## HOW TO COMPLETE THIS TASK
Using the listing below, retype exactly the lines starting at the one with "The master bedroom" and ending at the one with "旬の金柑を蜂蜜に漬け込み、濃", and include both.

## RECORDS
++++++++++++++++++++

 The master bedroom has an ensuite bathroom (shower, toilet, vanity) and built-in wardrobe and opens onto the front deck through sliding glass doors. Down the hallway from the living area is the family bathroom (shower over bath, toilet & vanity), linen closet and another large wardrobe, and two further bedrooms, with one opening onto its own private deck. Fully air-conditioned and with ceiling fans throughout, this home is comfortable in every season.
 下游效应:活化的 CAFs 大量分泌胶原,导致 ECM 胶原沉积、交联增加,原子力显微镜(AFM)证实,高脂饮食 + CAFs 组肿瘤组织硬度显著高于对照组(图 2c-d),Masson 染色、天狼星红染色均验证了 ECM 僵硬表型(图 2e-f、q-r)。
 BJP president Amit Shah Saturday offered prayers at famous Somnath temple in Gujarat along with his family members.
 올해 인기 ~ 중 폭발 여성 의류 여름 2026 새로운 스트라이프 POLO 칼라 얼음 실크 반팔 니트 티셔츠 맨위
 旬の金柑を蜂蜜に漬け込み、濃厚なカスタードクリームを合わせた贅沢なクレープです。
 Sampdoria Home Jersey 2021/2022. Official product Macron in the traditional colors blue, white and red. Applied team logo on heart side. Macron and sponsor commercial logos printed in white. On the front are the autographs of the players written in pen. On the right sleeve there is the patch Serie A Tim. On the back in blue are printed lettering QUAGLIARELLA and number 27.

++++++++++++++++++++

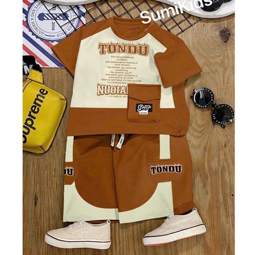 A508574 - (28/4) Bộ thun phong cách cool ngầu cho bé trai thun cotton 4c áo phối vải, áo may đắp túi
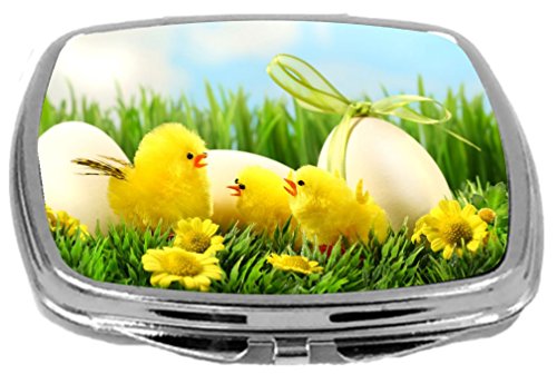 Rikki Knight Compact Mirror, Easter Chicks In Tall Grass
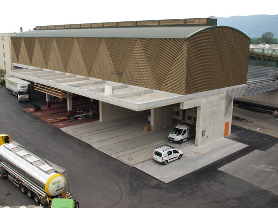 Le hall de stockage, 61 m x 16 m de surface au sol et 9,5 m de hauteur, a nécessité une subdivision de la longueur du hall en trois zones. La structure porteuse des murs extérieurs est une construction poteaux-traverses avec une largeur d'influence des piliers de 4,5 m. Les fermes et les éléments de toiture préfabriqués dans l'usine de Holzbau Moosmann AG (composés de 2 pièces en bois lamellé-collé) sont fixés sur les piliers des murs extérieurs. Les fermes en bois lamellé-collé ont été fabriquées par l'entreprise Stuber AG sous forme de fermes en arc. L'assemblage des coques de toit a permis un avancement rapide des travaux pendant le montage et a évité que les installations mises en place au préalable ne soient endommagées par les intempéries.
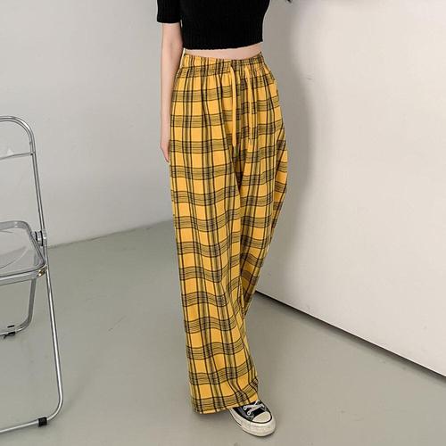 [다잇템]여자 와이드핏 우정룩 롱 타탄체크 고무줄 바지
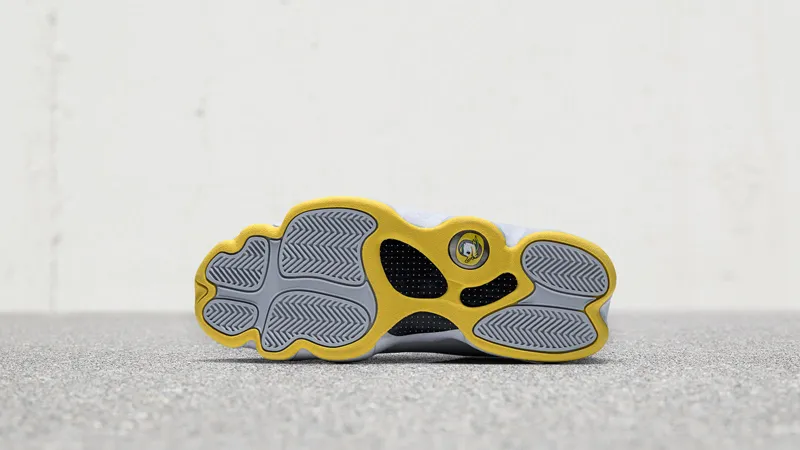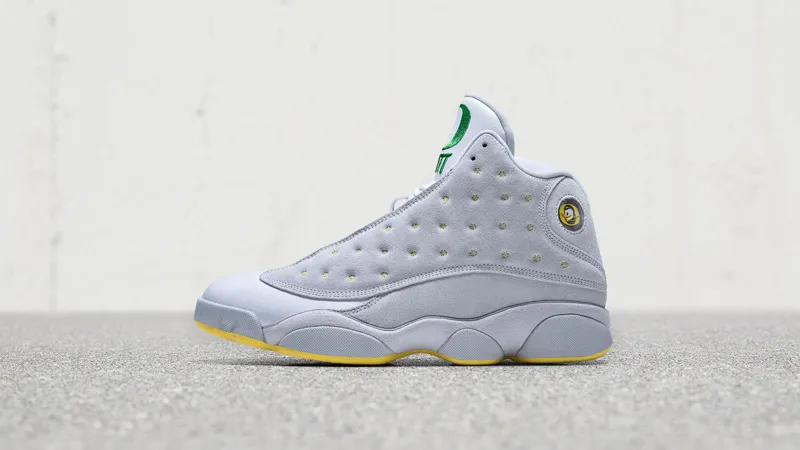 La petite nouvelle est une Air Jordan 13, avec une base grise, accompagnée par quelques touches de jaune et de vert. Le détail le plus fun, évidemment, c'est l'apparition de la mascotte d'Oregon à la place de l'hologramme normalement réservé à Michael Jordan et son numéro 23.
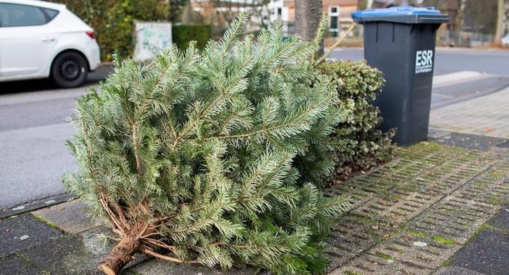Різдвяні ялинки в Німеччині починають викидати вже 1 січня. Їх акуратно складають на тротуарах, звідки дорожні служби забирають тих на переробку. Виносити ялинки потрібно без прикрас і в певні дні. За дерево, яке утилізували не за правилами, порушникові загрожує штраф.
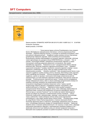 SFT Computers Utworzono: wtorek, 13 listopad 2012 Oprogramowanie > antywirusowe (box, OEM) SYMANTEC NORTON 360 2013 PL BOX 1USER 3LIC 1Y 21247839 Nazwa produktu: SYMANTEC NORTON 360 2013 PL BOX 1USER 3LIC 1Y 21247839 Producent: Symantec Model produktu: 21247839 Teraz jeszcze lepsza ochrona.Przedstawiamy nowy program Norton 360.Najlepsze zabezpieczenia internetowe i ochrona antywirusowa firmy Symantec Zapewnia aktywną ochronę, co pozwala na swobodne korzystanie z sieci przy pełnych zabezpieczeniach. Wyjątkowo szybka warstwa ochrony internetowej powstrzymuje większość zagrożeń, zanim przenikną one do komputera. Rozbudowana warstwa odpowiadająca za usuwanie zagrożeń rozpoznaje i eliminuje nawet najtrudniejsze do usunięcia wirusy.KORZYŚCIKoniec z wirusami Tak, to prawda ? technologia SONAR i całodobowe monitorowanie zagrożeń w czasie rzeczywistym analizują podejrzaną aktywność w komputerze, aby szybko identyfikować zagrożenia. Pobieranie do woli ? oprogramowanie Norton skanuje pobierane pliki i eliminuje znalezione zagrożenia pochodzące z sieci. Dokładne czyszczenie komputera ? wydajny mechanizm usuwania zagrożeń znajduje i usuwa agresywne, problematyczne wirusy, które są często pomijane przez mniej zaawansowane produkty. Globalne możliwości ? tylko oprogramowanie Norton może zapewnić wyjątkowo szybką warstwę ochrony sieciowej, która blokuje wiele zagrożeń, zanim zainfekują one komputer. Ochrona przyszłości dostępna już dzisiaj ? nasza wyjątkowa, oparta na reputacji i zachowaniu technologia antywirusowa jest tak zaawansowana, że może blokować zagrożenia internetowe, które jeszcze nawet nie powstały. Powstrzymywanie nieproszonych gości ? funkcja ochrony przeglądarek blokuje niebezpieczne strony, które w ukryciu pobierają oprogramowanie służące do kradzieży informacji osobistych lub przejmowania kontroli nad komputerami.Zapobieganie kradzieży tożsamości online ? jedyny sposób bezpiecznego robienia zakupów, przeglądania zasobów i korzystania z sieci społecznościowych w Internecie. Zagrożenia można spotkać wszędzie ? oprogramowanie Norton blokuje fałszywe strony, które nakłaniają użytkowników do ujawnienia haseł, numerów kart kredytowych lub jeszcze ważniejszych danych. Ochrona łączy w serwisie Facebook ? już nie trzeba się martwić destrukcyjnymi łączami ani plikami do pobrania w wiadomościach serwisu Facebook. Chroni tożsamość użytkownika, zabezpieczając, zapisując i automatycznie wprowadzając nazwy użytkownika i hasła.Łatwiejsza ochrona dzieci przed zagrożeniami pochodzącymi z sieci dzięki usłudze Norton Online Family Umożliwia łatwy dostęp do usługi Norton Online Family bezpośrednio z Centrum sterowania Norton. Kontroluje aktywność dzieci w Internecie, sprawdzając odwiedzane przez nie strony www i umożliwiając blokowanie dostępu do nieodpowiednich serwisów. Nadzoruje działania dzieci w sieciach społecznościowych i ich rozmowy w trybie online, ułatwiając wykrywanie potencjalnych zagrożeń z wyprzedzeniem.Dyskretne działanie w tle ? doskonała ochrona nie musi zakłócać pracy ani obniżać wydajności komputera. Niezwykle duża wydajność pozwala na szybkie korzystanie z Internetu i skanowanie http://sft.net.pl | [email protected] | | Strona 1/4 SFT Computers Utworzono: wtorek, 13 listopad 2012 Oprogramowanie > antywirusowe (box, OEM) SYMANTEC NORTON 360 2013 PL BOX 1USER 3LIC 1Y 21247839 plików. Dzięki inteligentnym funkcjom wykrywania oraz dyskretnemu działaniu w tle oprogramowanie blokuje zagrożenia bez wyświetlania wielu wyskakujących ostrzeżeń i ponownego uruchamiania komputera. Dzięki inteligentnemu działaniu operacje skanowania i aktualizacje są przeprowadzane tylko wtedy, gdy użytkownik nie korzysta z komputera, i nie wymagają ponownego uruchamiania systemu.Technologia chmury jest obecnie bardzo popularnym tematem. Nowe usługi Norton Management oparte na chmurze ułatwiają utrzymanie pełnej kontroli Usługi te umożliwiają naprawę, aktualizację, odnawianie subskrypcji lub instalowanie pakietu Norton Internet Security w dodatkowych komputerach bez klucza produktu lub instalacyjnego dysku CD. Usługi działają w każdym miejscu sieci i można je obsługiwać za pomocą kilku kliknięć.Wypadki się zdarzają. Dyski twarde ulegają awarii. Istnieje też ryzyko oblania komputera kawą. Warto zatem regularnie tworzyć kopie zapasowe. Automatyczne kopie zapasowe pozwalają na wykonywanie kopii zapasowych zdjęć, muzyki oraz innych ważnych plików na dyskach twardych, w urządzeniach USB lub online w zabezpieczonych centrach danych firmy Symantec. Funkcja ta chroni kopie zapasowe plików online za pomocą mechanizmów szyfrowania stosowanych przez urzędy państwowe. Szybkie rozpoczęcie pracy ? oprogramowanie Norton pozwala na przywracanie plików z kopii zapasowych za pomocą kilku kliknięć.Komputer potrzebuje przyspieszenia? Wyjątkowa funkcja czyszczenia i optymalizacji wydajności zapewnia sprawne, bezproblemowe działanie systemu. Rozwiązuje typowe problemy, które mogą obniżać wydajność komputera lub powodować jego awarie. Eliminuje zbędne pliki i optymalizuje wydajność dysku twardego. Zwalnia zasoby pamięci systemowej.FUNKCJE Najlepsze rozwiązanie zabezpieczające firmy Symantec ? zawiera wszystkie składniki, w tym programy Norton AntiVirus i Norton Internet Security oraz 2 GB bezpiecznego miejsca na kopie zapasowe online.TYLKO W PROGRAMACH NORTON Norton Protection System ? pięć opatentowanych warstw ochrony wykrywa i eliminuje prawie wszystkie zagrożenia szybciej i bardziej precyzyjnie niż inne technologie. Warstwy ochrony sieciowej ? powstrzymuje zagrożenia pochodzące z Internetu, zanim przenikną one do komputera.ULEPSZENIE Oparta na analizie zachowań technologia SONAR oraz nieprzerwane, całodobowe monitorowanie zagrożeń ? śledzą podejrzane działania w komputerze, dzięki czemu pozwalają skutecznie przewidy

++++++++++++++++++++

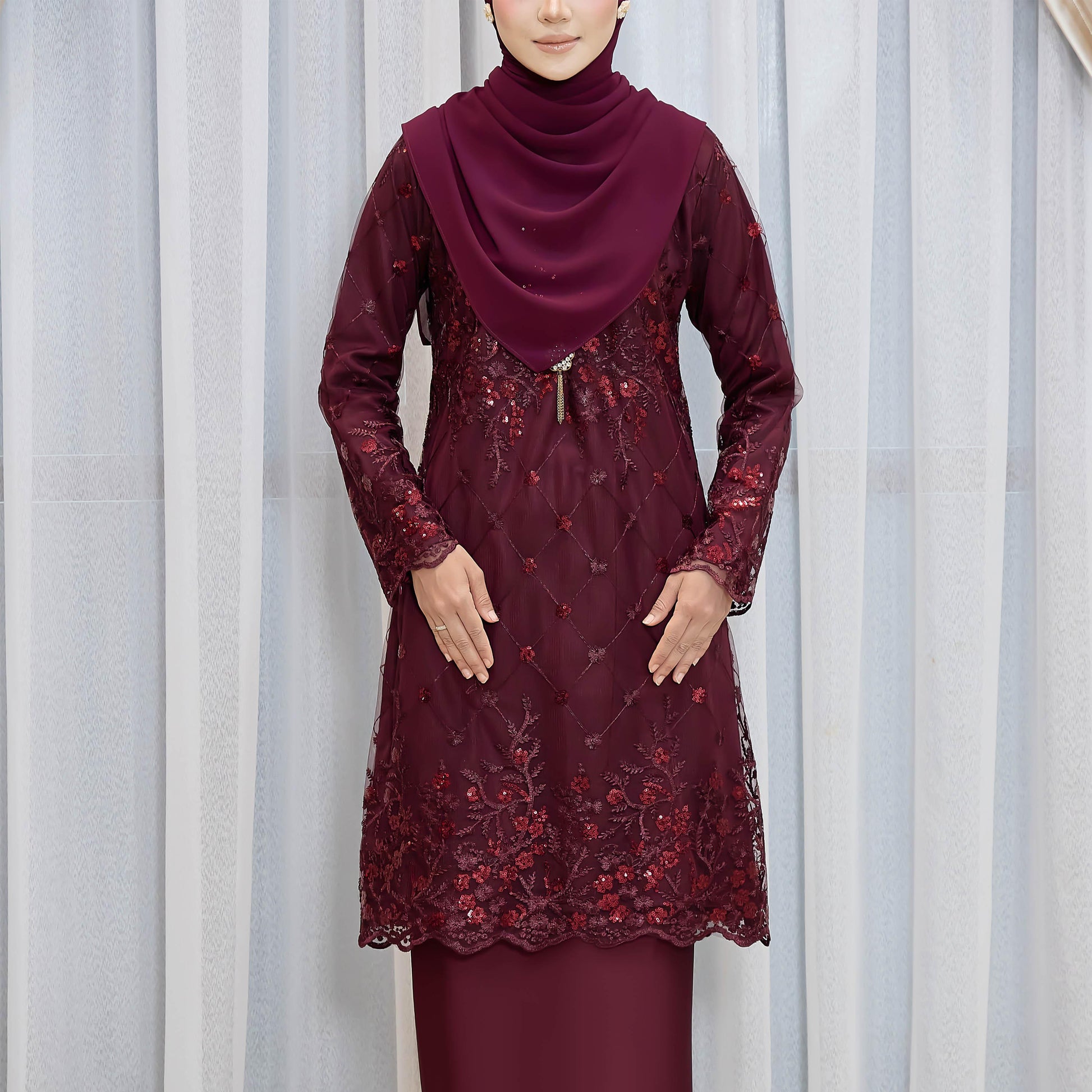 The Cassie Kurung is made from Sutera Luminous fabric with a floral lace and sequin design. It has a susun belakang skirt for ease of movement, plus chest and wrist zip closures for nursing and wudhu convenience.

++++++++++++++++++++

## PROBLEM SOLUTION
 The master bedroom has an ensuite bathroom (shower, toilet, vanity) and built-in wardrobe and opens onto the front deck through sliding glass doors. Down the hallway from the living area is the family bathroom (shower over bath, toilet & vanity), linen closet and another large wardrobe, and two further bedrooms, with one opening onto its own private deck. Fully air-conditioned and with ceiling fans throughout, this home is comfortable in every season.
 下游效应:活化的 CAFs 大量分泌胶原,导致 ECM 胶原沉积、交联增加,原子力显微镜(AFM)证实,高脂饮食 + CAFs 组肿瘤组织硬度显著高于对照组(图 2c-d),Masson 染色、天狼星红染色均验证了 ECM 僵硬表型(图 2e-f、q-r)。
 BJP president Amit Shah Saturday offered prayers at famous Somnath temple in Gujarat along with his family members.
 올해 인기 ~ 중 폭발 여성 의류 여름 2026 새로운 스트라이프 POLO 칼라 얼음 실크 반팔 니트 티셔츠 맨위
 旬の金柑を蜂蜜に漬け込み、濃厚なカスタードクリームを合わせた贅沢なクレープです。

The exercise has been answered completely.